Little help on Inequalities

[jaymaster]

I found this question in my textbook, I tried solving it but I got a different answer Pls help
1/(x+1) > 1
My own answer was -1<x<0

 

[Deleted member 4993]

I found this question in my textbook, I tried solving it but I got a different answer Pls help
1/(x+1) > 1
My own answer was -1<x<0

How did you get that? Please share your work - so that we know where/how to help you!

 

[jaymaster]

How did you get that? Please share your work - so that we know where/how to help you!

1/(x+1) > 1
Multiply through by (x+1)²
(X+1)²/(x+1) > (x+1)²
x(x+1) < 0
This is where I got stucked

 

[HallsofIvy]

I'm no sure why you did that. The initial problem was simpler than what you wound up with. The original inequality is \(\displaystyle \frac{1}{x+ 1}< 1\) which can only be true if the denominator is larger than 1: x+ 1> 1 so x> 0.
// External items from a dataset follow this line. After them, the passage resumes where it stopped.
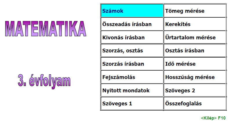 A 3. évfolyam bejelentkező képernyője
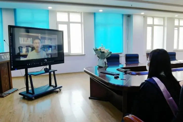让李敏颇感意外的是,学院还为她自己准备了一场难忘的毕业典礼,院长耿玉德为她拨穗。“今后,无论你在哪里遇到困难,学校始终是你的家。”耿院长暖心地说。李敏的班级同学们也在线上送来毕业祝福。“身边的老师和同学们总能在我需要帮助时带给我前进的力量与勇气,对待未来我充满信心。”看到学院和同学所做的一切,李敏备受感动。
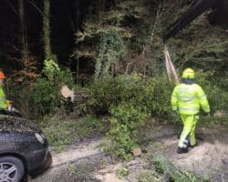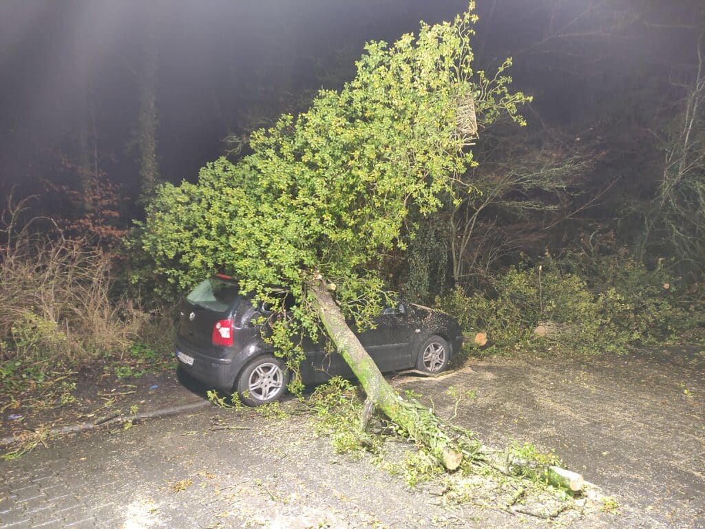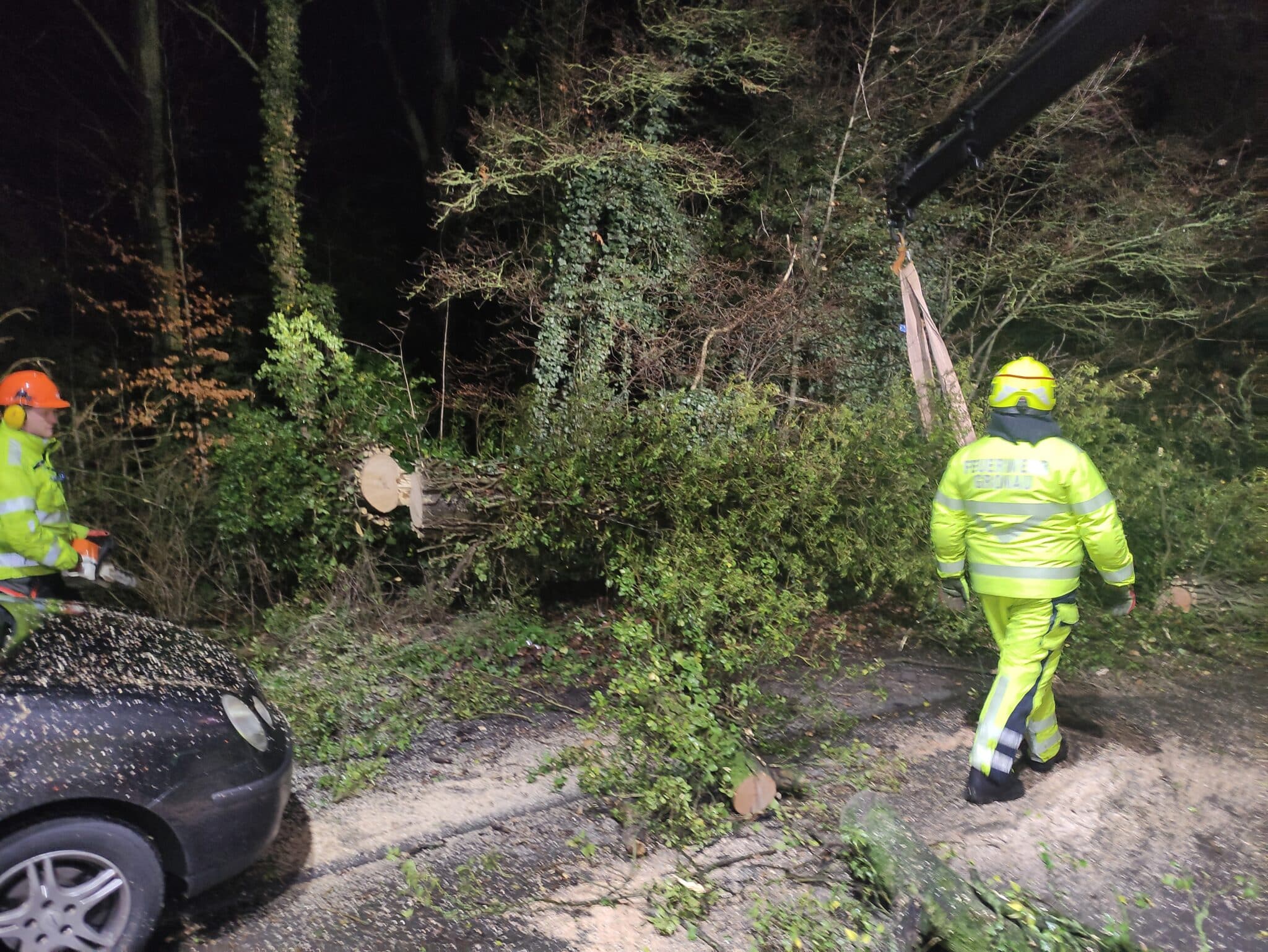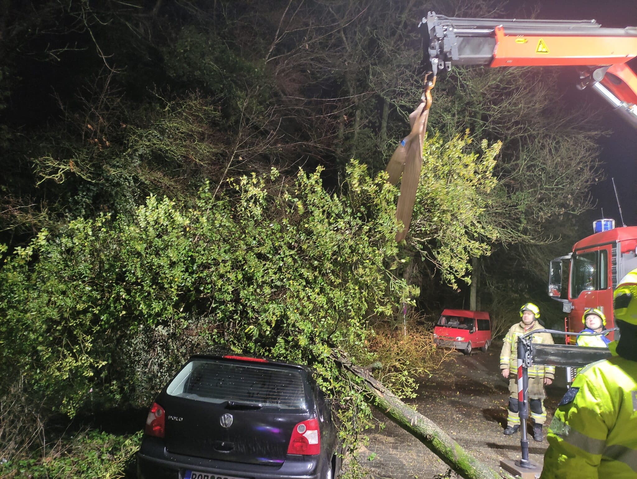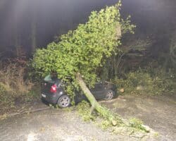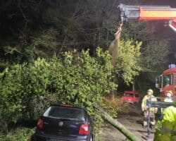 Um 21:32 Uhr wurden wir zur Petersburg in Epe alarmiert. Vermutlich ist durch aufgeweichtes Erdreich ein ca. 15 m langer Baum umgestürzt und hat dabei einen am Straßenrand geparkten Pkw unter sich begraben. Mit einer Motorsäge und der nachgeforderten Drehleiter wurde der Baum sukzessive zurückgeschnitten. Im weiteren Verlauf wurde das Wechseladerfahrzeug mit Kran aus Epe nachgefordert, um den Baumstamm vom Pkw anzuheben um den Pkw darunter wegrollen zu können. Der Rückschnitt wurde an den Straßenrand gelegt und provisorisch mit Absperrband gesichert.

If you really wanted to solve "x(x+ 1)< 0[/tex]" use the fact that the product of two numbers is negative if and only if one number is positive and the other negative. Here that means either x< 0 and x+ 1> 0 or x> 0 and x+ 1< 0. If x+ 1> 0, then x> -1 so the first pair give -1< x< 0. if x+ 1< 0 then x< -1. But in that case x cannot be larger than 0 so the solution to that question (not your original question) is -1< x< 0.

 

[soroban]

Hello, jaymaster!

I found this question in my textbook.
I tried solving it but I got a different answer. Different from what?

. . \(\displaystyle \dfrac{1}{x+1}\: >\: 1\)

My own answer was: \(\displaystyle -1\,<\,x\,<\,0\)

I don't know how you got your answer,
. . but I agree with it.

We have: .\(\displaystyle \dfrac{1}{x+1} \:>\:1\)

Multiply by \(\displaystyle (x+1).\)

We must consider two cases.

[1] \(\displaystyle (x+1)\) is negative.
. . That is: .\(\displaystyle x+1\,<\,0 \quad\Rightarrow\quad x \,<\,\text{-}1\)

Then: .\(\displaystyle 1 \:<\: x+1 \quad\Rightarrow\quad 0 \,<\,x \quad\Rightarrow\quad x \,>\,0\)

We have: .\(\displaystyle x\,<\,\text{-}1\,\text{ and }\,x \,>\,0\)
. . But this is impossible.

[2] \(\displaystyle (x+1)\) is positive.
. . That is: .\(\displaystyle x+1 \:>\:0 \quad\Rightarrow\quad x \:>\:\text{-}1 \quad\Rightarrow\quad \text{-}1 \,< x\)

Then: .\(\displaystyle 1 \:>\: x+1 \quad\Rightarrow\quad 0 \,>\,x \quad\Rightarrow\quad x\,<\,0\)

We have: .\(\displaystyle \text{-}1 \,<\,x\,\text{ and }\,x\,<\,0\)

Therefore: .\(\displaystyle \boxed{\text{-}1 \:<\: x \:<\:0}\)

 

[jaymaster]

Hello, jaymaster!

I found this question in my textbook.
I tried solving it but I got a different answer. Different from what?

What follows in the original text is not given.